Hearing date: 18 March 2015

Sir James Munby, President of the Family Division:

1

This is an appeal, pursuant to permission given on 21 January 2015 by Ryder LJ, from an order made by Her Honour Judge Watson on 29 September 2014. The judge was sitting in the Family Court at Coventry, hearing public law proceedings in relation to two of the W children. The W family originates from francophone West Africa.

2

For present purposes the story begins on 12 December 2012, when His Honour Judge Cleary delivered a fact-finding judgment in the course of care proceedings relating to the five W children: in order of seniority, Ja, D, Jr, B and M. The judge made findings against both parents, the most serious being of physical injuries and assaults and of chronic, and on occasions deliberately abusive, neglect. On 31 January 2013, by which time the parents had separated, the same judge made care orders in relation to all five children. For the eldest three the plans he approved were for long-term foster care, for the youngest two, B and M, he approved plans for adoption and made placement orders. Applications by the father and mother for revocation of the care and placement orders in relation to B and M were dismissed on 17 February 2014.

3

Another child, Je, was born in September 2013. Care proceedings followed. A paternal aunt who lives in Belgium (I shall refer to her as Aunt A) put herself forward as a carer for Je. A viability assessment was prepared. The copy in the bundle before us was neither signed nor dated. We were told that it was dated 10 April 2014 and had been prepared by a social worker who I shall refer to as SWH and approved by her team manager who I shall refer to as TMA.

4

I interpose to observe that this is yet another example of practice which is not merely unacceptable for reasons which ought to be obvious – the court needs to know both the author(s) and the date of such a document – but is in fact in plain breach of PD27A, para 4.2. This is not the first time I have had occasion to complain about this in recent months: see Re L (A Child) [2015] EWFC 15. I said this (para 14):

"PD27A para 4.2 states that:

"All statements, affidavits, care plans, experts' reports and other reports included in the bundle must be copies of originals which have been signed and dated."

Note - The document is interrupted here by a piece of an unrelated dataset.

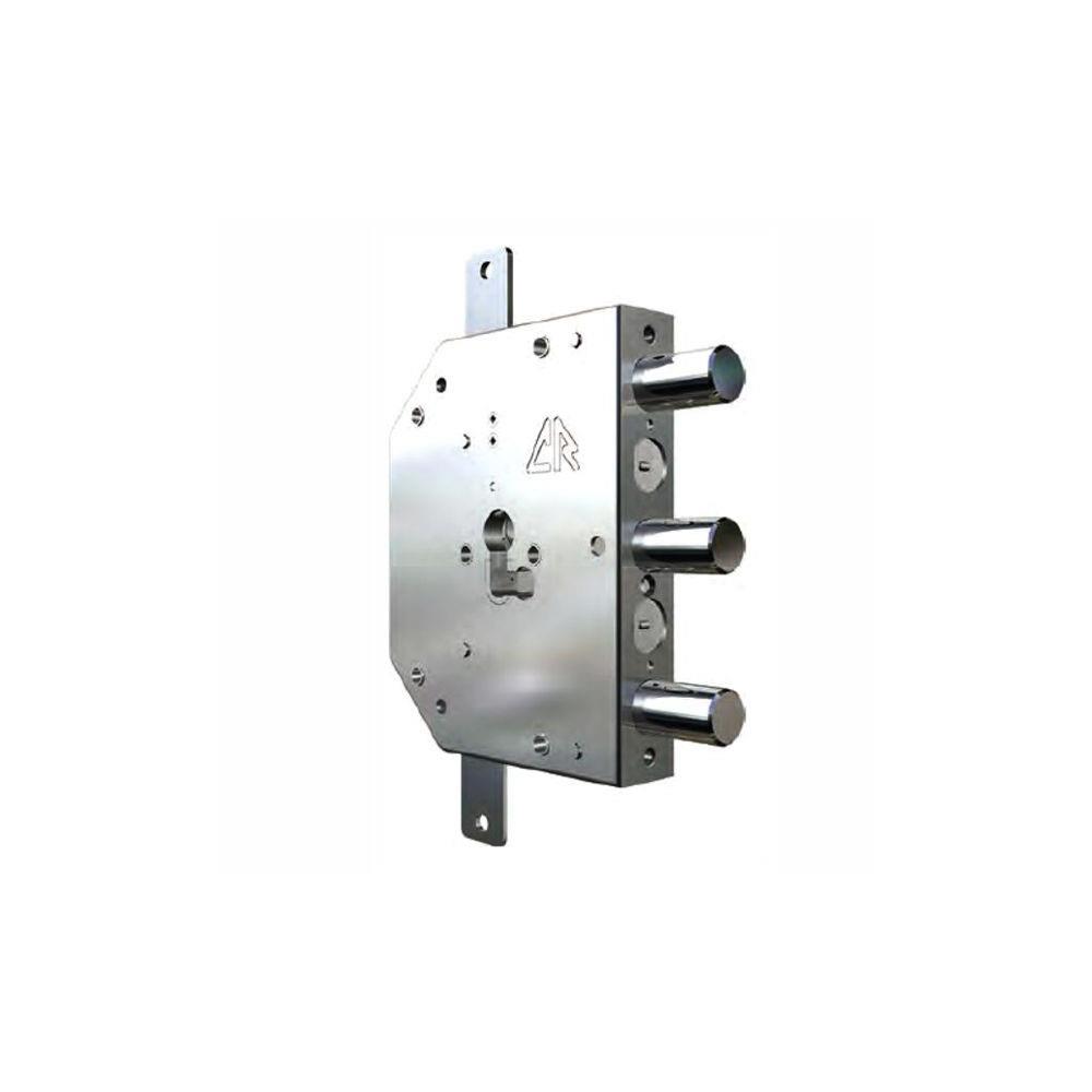 Serratura cilindro europeo infilare porte blindate Movimento ad ingranaggi Trappola anti effrazione- Fori protettore mm 38 2 chiusure verticali Catenacci laterali 3 pistoni Interasse catenacci mm 56Scatola mm 130x164x29,5 - Entrata mm 60,5 Aste non incluse
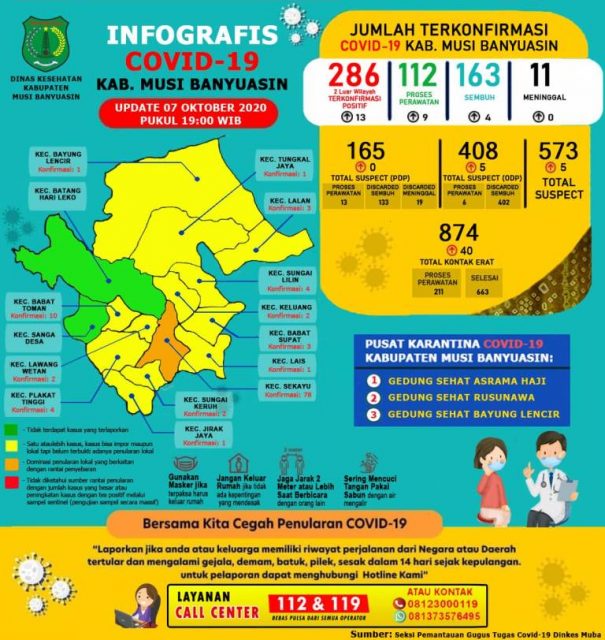 Update Satuan Tugas Penanganan Covid-19 Muba hingga 7 Oktober 2020, ada sebanyak 286 kasus terkonfirmasi di Muba dengan rincian 163 kasus sembuh, 11 meninggal dunia, dan 112 orang masih dirawat. Sementara itu, untuk ODP ada 408 dengan 6 selesai pemantauan dan 402 orang masih dipantau. Lalu ada 874 kontak erat di mana 663 kontak selesai pemantauan dan 211 kontak erat yang masih dipantau. Kemudian untuk PDP ada 165 dengan 13 proses pengawasan dan 133 selesai pengawasan, serta 19 meninggal dunia. (ads/ije)

This requirement, there for good reason, is too frequently ignored. For a recent, and egregious, example, see Re A (A Child) [2015] EWFC 11."

I continued (para 23):

"This endemic failure of the professions to comply with PD27A must end, and it must end now. Fifteen years of default are enough … The professions need to recognise that enough is enough. It is no use the court continuing feebly to issue empty threats. From now on delinquents can expect to find themselves subject to effective sanctions".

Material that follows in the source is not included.